#### INSTRUCTIONS FOR THE TASK:
What you write must be the lines from the one holding "An abstract composition" through the final line of the records below, reproduced exactly, minus the pictures.

#### SUPPLIED DATA:
'''
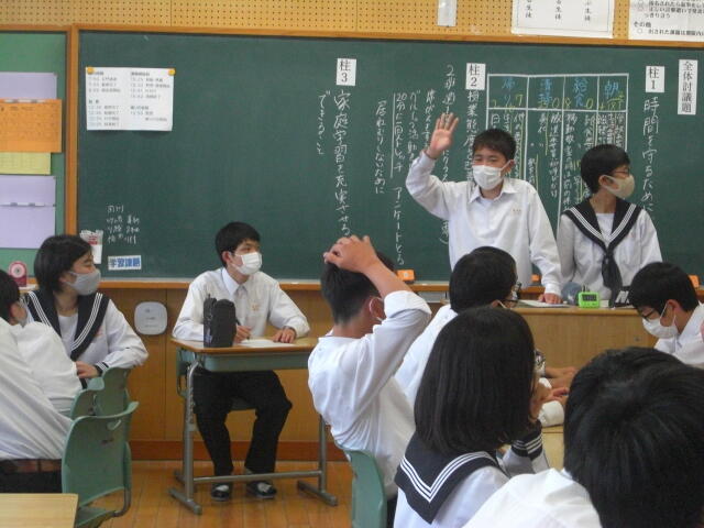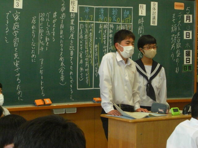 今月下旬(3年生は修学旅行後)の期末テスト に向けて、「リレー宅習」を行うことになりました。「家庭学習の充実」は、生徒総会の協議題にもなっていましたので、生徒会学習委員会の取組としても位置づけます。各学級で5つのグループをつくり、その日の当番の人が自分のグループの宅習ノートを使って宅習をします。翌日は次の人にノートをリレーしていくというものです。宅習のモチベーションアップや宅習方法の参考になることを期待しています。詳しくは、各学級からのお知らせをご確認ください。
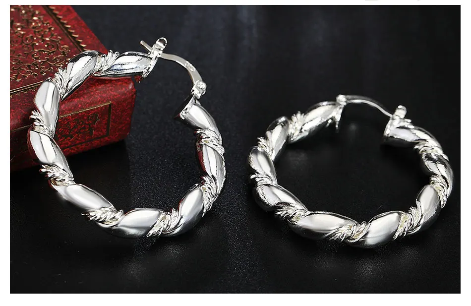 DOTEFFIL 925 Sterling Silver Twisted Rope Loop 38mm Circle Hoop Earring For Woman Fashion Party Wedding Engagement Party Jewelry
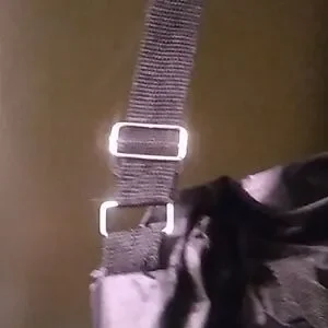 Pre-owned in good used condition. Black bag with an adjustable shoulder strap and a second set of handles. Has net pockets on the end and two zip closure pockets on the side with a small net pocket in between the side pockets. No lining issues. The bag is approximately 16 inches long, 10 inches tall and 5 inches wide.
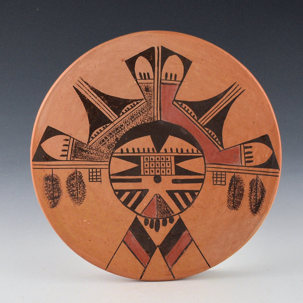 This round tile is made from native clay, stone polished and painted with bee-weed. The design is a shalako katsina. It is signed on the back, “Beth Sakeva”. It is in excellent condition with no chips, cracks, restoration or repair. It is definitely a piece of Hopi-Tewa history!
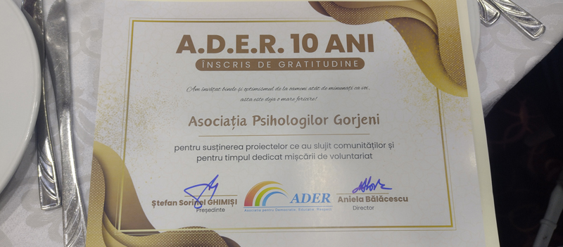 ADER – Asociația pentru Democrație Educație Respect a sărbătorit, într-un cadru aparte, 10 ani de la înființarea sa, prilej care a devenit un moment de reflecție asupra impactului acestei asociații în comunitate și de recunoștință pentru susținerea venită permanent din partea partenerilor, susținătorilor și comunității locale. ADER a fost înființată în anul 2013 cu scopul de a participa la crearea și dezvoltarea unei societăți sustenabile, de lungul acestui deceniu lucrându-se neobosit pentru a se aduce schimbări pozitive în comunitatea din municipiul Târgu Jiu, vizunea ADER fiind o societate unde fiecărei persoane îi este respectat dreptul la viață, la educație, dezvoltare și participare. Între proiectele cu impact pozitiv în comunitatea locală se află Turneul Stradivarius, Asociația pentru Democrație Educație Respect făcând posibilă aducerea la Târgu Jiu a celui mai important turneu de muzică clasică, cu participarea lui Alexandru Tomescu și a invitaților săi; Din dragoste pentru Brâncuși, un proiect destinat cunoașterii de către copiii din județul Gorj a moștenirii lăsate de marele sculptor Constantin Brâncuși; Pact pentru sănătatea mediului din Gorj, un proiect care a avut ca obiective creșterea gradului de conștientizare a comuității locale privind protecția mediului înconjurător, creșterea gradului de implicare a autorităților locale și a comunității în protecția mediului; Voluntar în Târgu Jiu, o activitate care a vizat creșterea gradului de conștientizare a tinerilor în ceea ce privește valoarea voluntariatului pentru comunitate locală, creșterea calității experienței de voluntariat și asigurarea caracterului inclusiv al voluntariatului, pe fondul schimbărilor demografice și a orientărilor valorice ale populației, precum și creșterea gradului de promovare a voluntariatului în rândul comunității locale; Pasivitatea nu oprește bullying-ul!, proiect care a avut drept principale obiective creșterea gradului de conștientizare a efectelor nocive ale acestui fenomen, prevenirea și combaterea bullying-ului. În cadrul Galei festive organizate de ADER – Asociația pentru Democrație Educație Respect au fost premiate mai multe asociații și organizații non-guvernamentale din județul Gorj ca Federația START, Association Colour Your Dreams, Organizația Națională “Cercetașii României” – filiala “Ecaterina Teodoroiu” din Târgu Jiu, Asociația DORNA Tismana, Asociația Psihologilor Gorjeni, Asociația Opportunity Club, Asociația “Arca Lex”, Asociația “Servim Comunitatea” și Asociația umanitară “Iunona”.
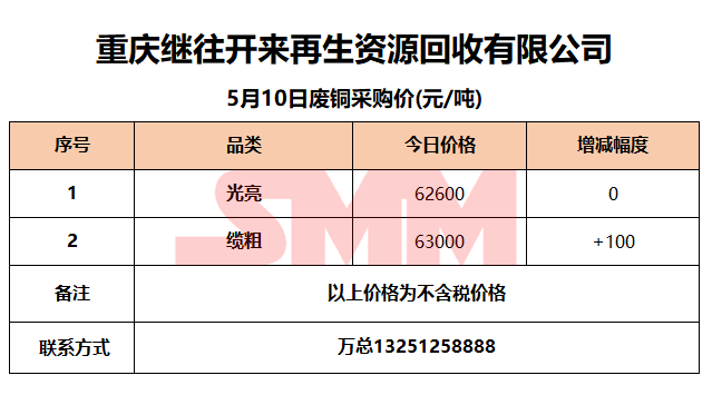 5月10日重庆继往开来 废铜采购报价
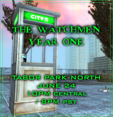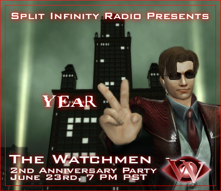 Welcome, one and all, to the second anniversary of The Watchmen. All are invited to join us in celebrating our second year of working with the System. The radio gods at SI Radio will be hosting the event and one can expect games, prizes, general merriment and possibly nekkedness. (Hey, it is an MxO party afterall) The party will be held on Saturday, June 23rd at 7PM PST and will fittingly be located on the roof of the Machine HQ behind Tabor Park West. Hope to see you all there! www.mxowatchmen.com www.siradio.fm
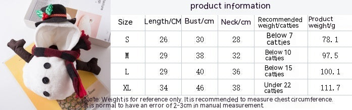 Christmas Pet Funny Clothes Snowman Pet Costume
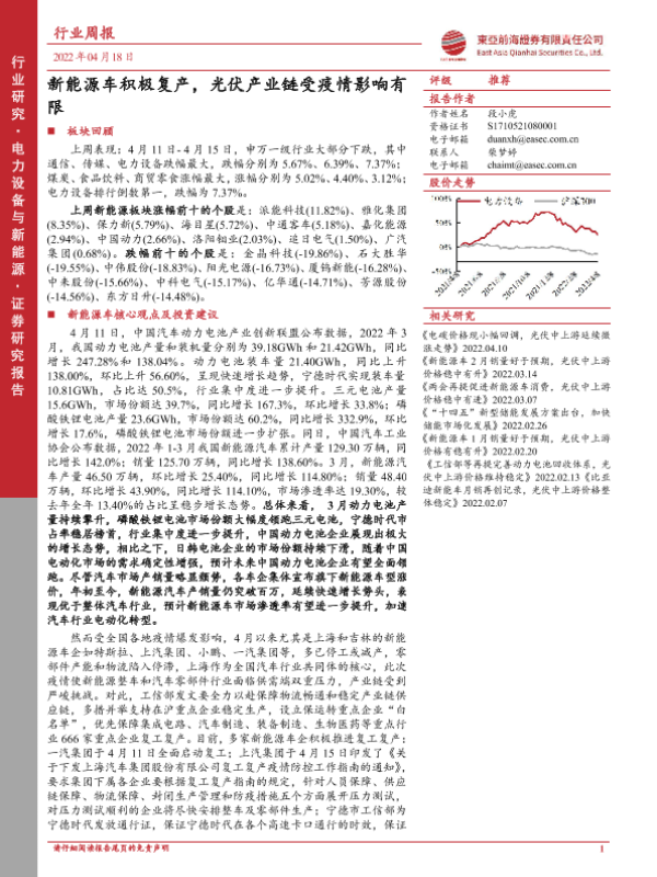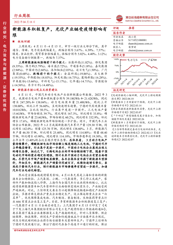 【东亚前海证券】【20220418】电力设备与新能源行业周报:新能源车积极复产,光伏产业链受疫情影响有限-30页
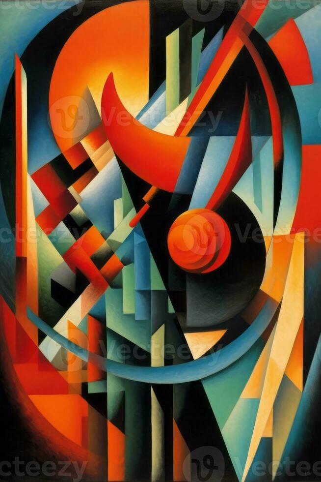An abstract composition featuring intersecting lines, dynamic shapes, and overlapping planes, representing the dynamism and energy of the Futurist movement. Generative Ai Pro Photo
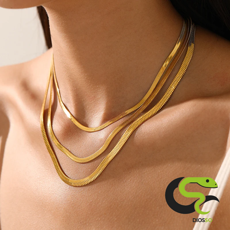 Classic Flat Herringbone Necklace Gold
'''
#### SOLUTION TO THIS PROBLEM:
An abstract composition featuring intersecting lines, dynamic shapes, and overlapping planes, representing the dynamism and energy of the Futurist movement. Generative Ai Pro Photo
 Classic Flat Herringbone Necklace Gold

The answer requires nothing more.